Many burnout sufferers grow exhausted of the grind, yet they never force themselves to slow down and relax. If you’re intent on escaping burnout and finding relief, you have to take relaxation more seriously.

If you’re working 10 hours per day and sleeping for another seven hours, that means you have just seven hours of time away from work each day. And if you consider that some of this time is dedicated to things like commuting, parenting, and household chores, you’re probably looking at less than three hours of true free time.

Whatever you do, make sure you aren’t working on your laptop or fielding phone calls during this brief window. Try reading (non work-related material), exercising, watching a movie, or going on dates with your significant other.

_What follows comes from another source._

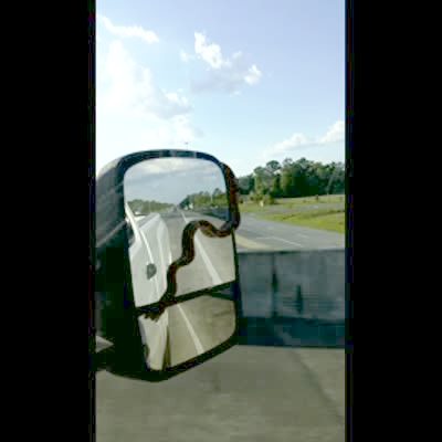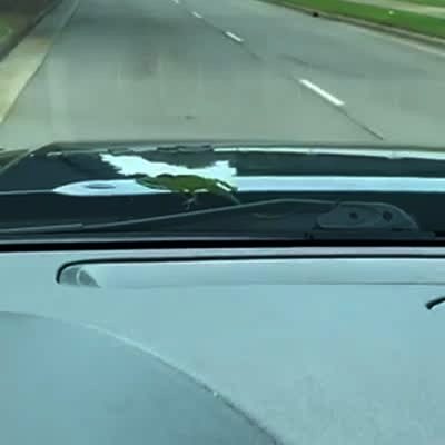 A gecko lizard jumps around on the hood of a man's car while the man drives down the street. The man yells every time it jumps. Then the gecko lands on the driver's side window.
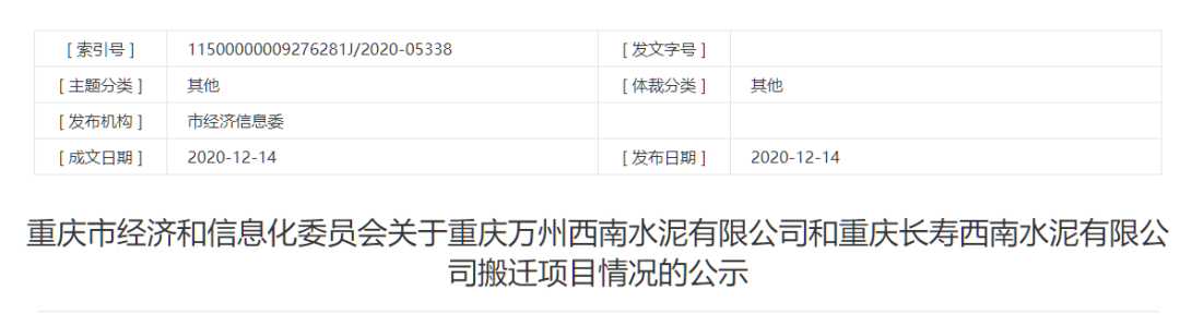重慶萬州西南水泥有限公司和重慶長壽西南水泥有限公司搬遷項目

The Changing Face of the Workforce

By labeling job burnout as a diagnosable condition, the WHO has legitimized an issue that millions of people struggle with on an annual basis. The only question is, what do we do now?

The American workforce changes and evolves over time. As we move forward, it’ll be interesting to study how issues like job burnout impact productivity, output, and profitability for future generations. Solutions will certainly emerge, but it’ll be up to business owners, employees, and their families to decide which ones are feasible and which ones are inefficient.